What Happens If You Don’t Have Your Wills and Trusts in Order?
According to Gallup polls, more than half of adults surveyed do not have a will, and only 14 percent of adults under the age of 30 have one. Failing to have these documents in place can subject your family members to expensive probate court and the court will decide an equitable distribution of your assets between eligible beneficiaries.
2. Powers of Attorney
A power of attorney designates someone to make decisions on your behalf if you become incapacitated and cannot make those decisions on your own. Some of the types of decisions that can be made by a designated individual through a power of attorney include healthcare decisions, business activities, and decisions about your personal or business assets.
The Consequences of Failing to Obtain Powers of Attorney
In order to appoint the individual who will make legal decisions on your behalf or to revoke a previous power of attorney, you must be found to be competent to do so. Without having this document in place when needed, the court will be responsible for making those decisions.
3. Designations of Beneficiaries and Guardians
Life insurance policies, bank accounts, and retirement plans all require you to name a beneficiary — that is, an individual who will receive the proceeds of a policy payout or an account when you die. Typically, these policies and accounts will require not only a named primary beneficiary, who is the first in line to receive the benefits, but also a secondary or contingent beneficiary, who will receive the benefits if the primary beneficiary is deceased, cannot be located, or refuses to accept the assets of the deceased account or policy holder.

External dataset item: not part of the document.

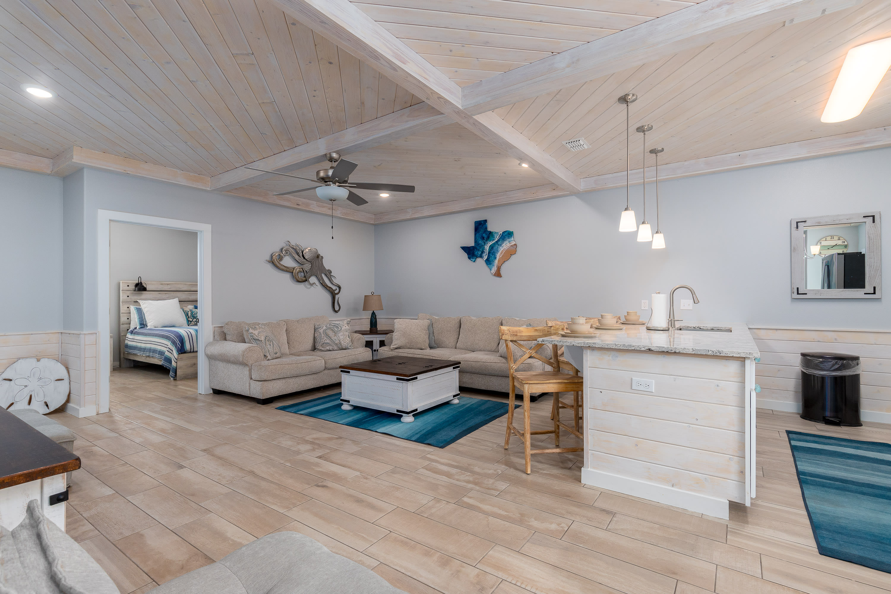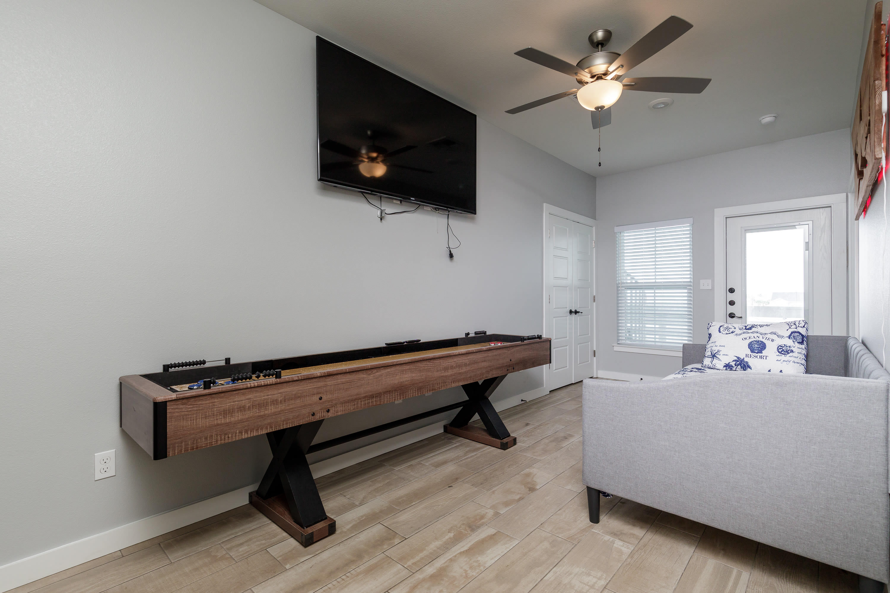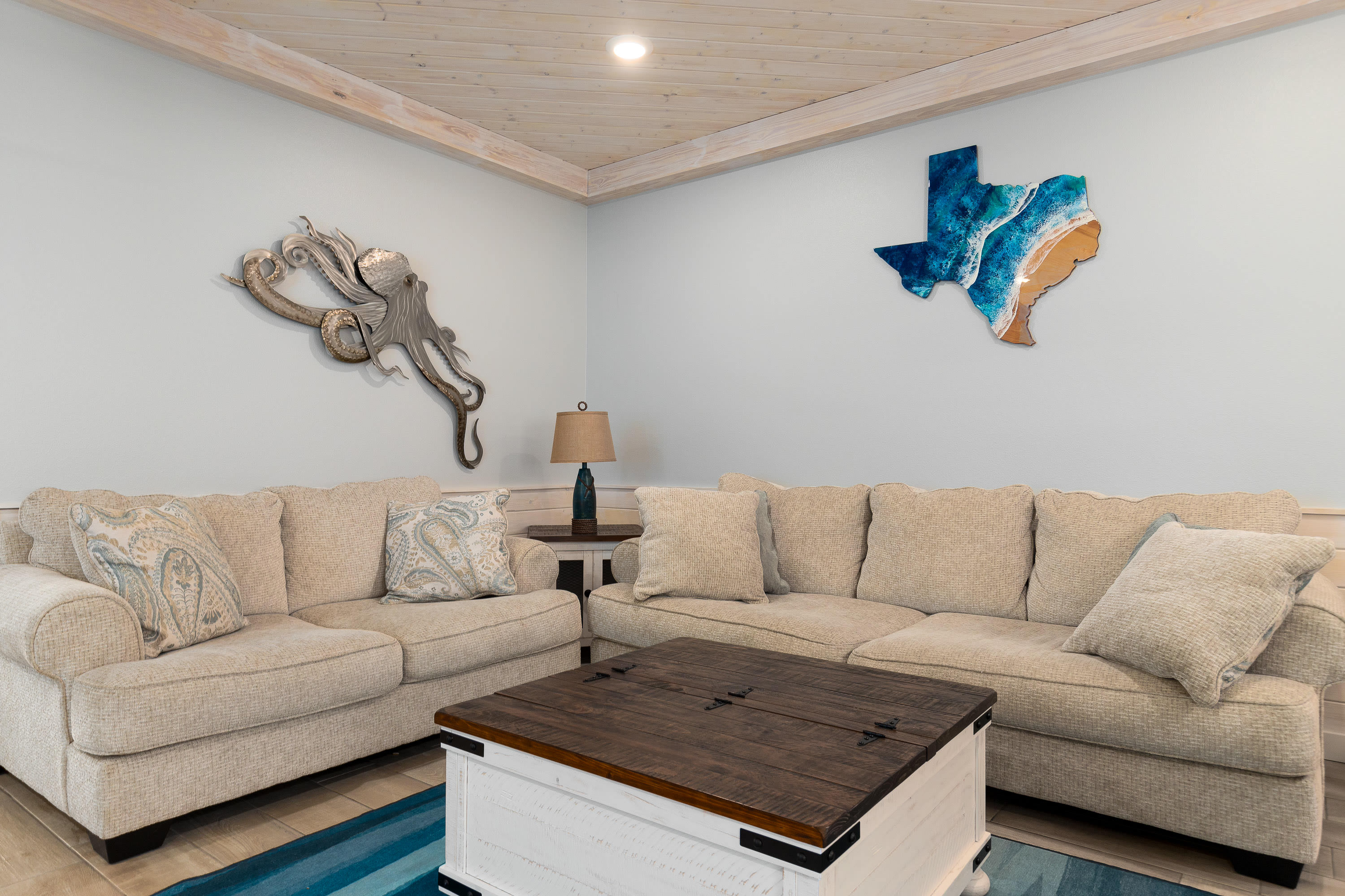 Inside, you'll find a stylish blend of coastal decor and Texas charm across 2 spacious floors of space. With a rooftop deck boasting expansive views of the complex and a game room equipped with shuffleboard and a smart TV, there's something for everyone to enjoy. Most notably, the beach is just a short distance away! Come recharge your batteries, spend days on the sand, and experience the beauty of coastal living - book your stay today!

What if You Don’t Designate Beneficiaries and Guardians?
Naming a beneficiary is a powerful action, as named beneficiaries on accounts take precedence over any instructions that you have provided in your will. Failing to regularly update your beneficiaries on policies can result in a named beneficiary or secondary beneficiary being unable to accept the proceeds from your account or policy, or those proceeds going to someone who you no longer wish to receive them, such as an ex-spouse.
4. Letter of Intent
Formal documents such as wills and trusts do not always completely satisfy the distribution of your assets. In some situations, there is an asset you want specifically to go to an individual or organization. A letter of intent — while not being the most legally-sound of all of your estate planning documents — does provide you with the ability to make your wishes known regarding your funeral services, and also provides instructions to your beneficiary or the executor of your will as to the method in which you want your assets to be distributed.
Forgetting to Provide a Letter of Intent
The letter of intent helps further inform your beneficiary or executor of your wishes. While forgetting this document will not impact the overall distribution of your assets, it will leave a lot of the decision-making about how to handle your death and your assets in the hands of someone else.
5. Lists of Other Important Estate Planning Documents
You can safely assume that your death is going to be among the most devastating times of life for your loved ones. During this time, you do not want them to have difficulty accessing the documents and information they need to benefit from your assets or to even know which assets are available. You should make sure that you have included a list of the information they need about all life insurance accounts you hold, account information for utilities and other bills you owe that will need to be settled and closed after your death, as well as pensions or retirement accounts, bank accounts, records of divorce, birth, or marriage, deeds from real estate holdings, and information about the stocks, bonds, and mutual funds you hold.
What If You Don’t Let Your Family Know About these Important Documents?
Failing to provide this information can result in your beneficiaries being unaware or unable to access proceeds that you had intended for them, and can create for a less orderly transition in both business and personal matters.